Mike Sigmund, publisher of the Weekly, recalls an incident in Wilkerson’s former office. “The strangest moment was about a year ago. We were having a board of directors meeting. It was this very intense moment, someone had just made a proposal, and then everyone was silent. At that moment, this wonderful clock above the fireplace, which was solidly secured to the wall, came crashing to the floor. We took pause at that.

“I’m from New York, and never believed in ghosts, but now. . . .”

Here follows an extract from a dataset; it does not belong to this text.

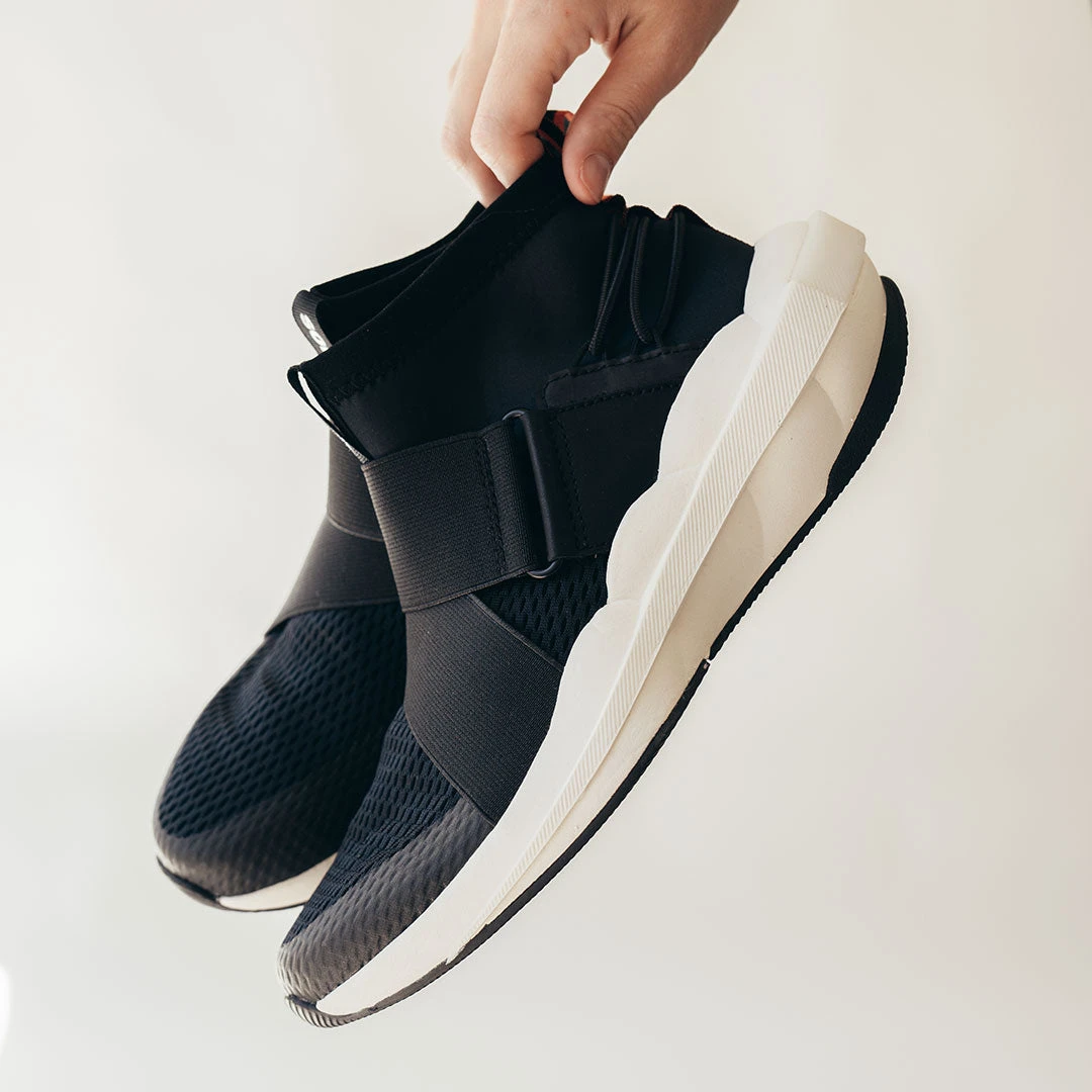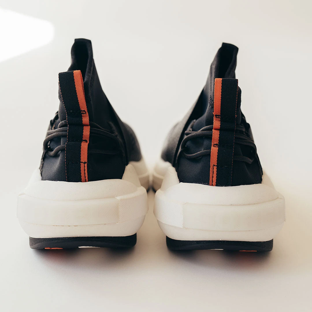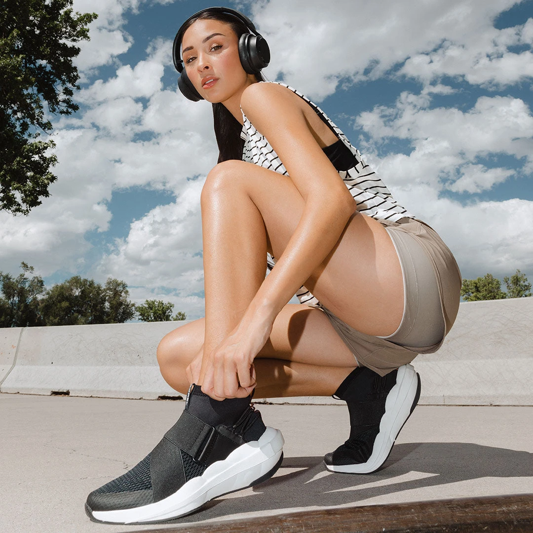 Futuristic and sporty, this soft pull-on bootie is an easy way to dress up your casual look. With a bungee at the back to give you a “just right” fit, this amazingly comfortable shoe is perfect for long travel days and running around town.

Judith Lewis, the Weekly’s arts editor, remains skeptical. “I don’t think there are any spooky things that prevented the move from happening, there were just logistical problems,” she says, but apologizes for raining on our parade. “I will say, though, that there are a lot of strange temperature changes. It gets hot and cold really fast. But I don’t think it’s Willie Wilkerson’s doing, it’s just a drafty old building.”

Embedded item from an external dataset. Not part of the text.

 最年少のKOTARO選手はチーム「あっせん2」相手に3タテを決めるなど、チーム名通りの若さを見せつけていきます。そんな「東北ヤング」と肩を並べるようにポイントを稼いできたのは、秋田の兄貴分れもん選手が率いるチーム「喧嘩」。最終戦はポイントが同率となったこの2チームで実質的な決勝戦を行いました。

“If my dad’s at the [old] Reporter, I’m glad he’s there,” Wilkerson says. “But I’m not sure I want to go there with candles and stay up all night and have a conversation.”

Wilkerson’s legacy does not end there--Wilkerson used to own Ciro’s in the ‘40s, and was in cahoots with Ben “Bugsy” Siegel; no one takes issue with the possibility that a few out-of-favor gangsters might have been popped within its walls. Today, Ciro’s is the Comedy Store, a building with a myriad of hallways that go nowhere and secret rooms; it is one of the most famously and, by author Jacobson’s estimation, one of the most frighteningly haunted buildings in Los Angeles.

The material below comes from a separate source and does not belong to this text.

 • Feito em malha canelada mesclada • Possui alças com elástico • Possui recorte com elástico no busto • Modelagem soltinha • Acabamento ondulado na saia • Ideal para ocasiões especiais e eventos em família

“In the Main Room [the Comedy Store has three different performance areas], we have seen ghosts of mobsters, men in wide lapel suits standing watching the action,” Jacobson reports. “These spirits hated Sam Kinison’s act. That scream he did drove them nuts, so something would always go wrong when he went on. To my mind, Sam is the only comedian who was heckled from beyond.”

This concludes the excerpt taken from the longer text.